Emmanuel’s opponent, Jesus “Chuy” Garcia, did not effectively convey that he understood the tough decisions that had to be made over the next few years. He gave more priority to populist anger than managerial competence. This did not work with the independent center that could have been swayed to his side.

Garcia failed to name names, as one Chicago political writer noted. Who were the people he would tap to run the city and review tax and spending restructuring options? After the activist rallies, how were the operations of government going to be conducted?

Garcia was especially vague on fiscal issues. While he was willing to raise taxes, when it came to reining in costs it was hard to take him seriously. He talked about inter-government collaboration to save money, reform of economic development programs, doing an audit on the city to figure out how to save money, and so on.

All of those cost-saving suggestions may be helpful, but in the absence of specific proposals, he spoke the language of avoidance. We have seen the same language used in the mayor’s race in Philadelphia by all of the candidates. Their alternatives to Nutter’s school funding proposals are a case in point.

Emanuel was not much more specific, but better at handling the facts and addressing the pension crisis with a few substantive proposals. He projected an image as the adult in the center of the storm. Of course, now he has to deal with the storm.

The Philadelphia election may come down to a similar decision by undecided voters: Which candidate do they trust to run the city? If the few polls are correct, this is a race between three candidates: Jim Kenney, Tony Williams, and Lynne Abraham. The other candidates are, at best, spoilers for the top three. And realistically it may come down to Williams and Kenney, with Abraham a solid third.

With less than a month to go before the election, Williams and Kenney each have a significant base of voters they can count on, but they are fighting for undecided voters and those that will abandon the other candidates as election day gets nearer.

As far as racial math goes, Kenney gets the majority of the white vote and Williams the majority of the African American vote. But Kenney could cut into Williams’ African American plurality, given some of his union and political endorsements. And Williams will similarly have a measure of white voter support.

Williams and Kenney have well funded surrogates that could possibly go into attack mode if they feel desperate. Kenney’s union supporters might characterize Williams as the tool of a few big financial supporters that favor charter schools and school choice. Williams has surrogates that could paint Kenney as the standard bearer for the status quo.

The Williams surrogates could make subtle or not so subtle references to IBEW leader John Dougherty’s support for Kenney. They could try to paint a picture of Dougherty as the ultimate old-style political insider. Of course this is a risky proposition because carpenter’s union head Ed Coryell, who is not the poster child for a new way of solving problems, supports Williams.

Both candidates are a good deal more complex then the surrogate characterizations.
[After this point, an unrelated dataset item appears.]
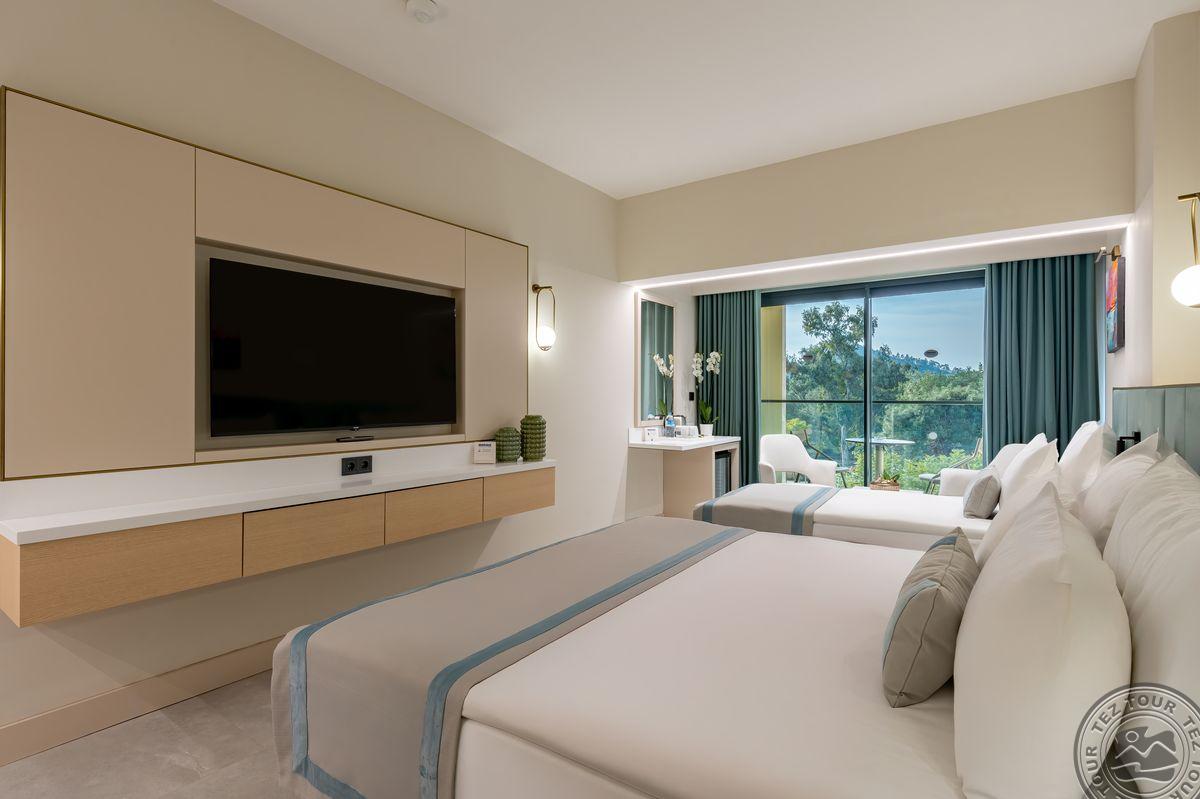 30 Deluxe Superior Room tipo numerių (pagrindinis pastatas, su vaizdu į sodą, kalnus arba jūrą, dvigulė ir  1 viengulė lova, maks. 2+2 arba 3 asm., 38 kv.m);

They can respond by painting a different portrait: Kenney the new urban progressive and Williams the state senator who supports all Philadelphia schools. Kenney, the friend of immigrants and the LGBT community, and Williams, with his own labor support, including the teamsters, laborers and transit workers.
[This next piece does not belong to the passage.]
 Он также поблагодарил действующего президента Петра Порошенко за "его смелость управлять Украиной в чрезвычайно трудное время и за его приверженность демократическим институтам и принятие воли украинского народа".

With an election that could be close, the Chicago election is instructive. One of the major candidates is going to have to convince undecided voters they are best suited to run the city at a time when the city is in a fragile upswing. This is an election about not going backwards as much about moving forward. The city is more interested in an executive than a populist.

Both Kenney and Williams are unknown as executives. They are legislators who had the luxury of policy making without the burden of operations. As with Garcia in Chicago, who needed to convey more managerial confidence, both Williams and Kenney have to demonstrate an executive temperament in the last several weeks.

Policy papers have been written, endorsements have been made, and field operations are in motion. Now someone has to close the deal.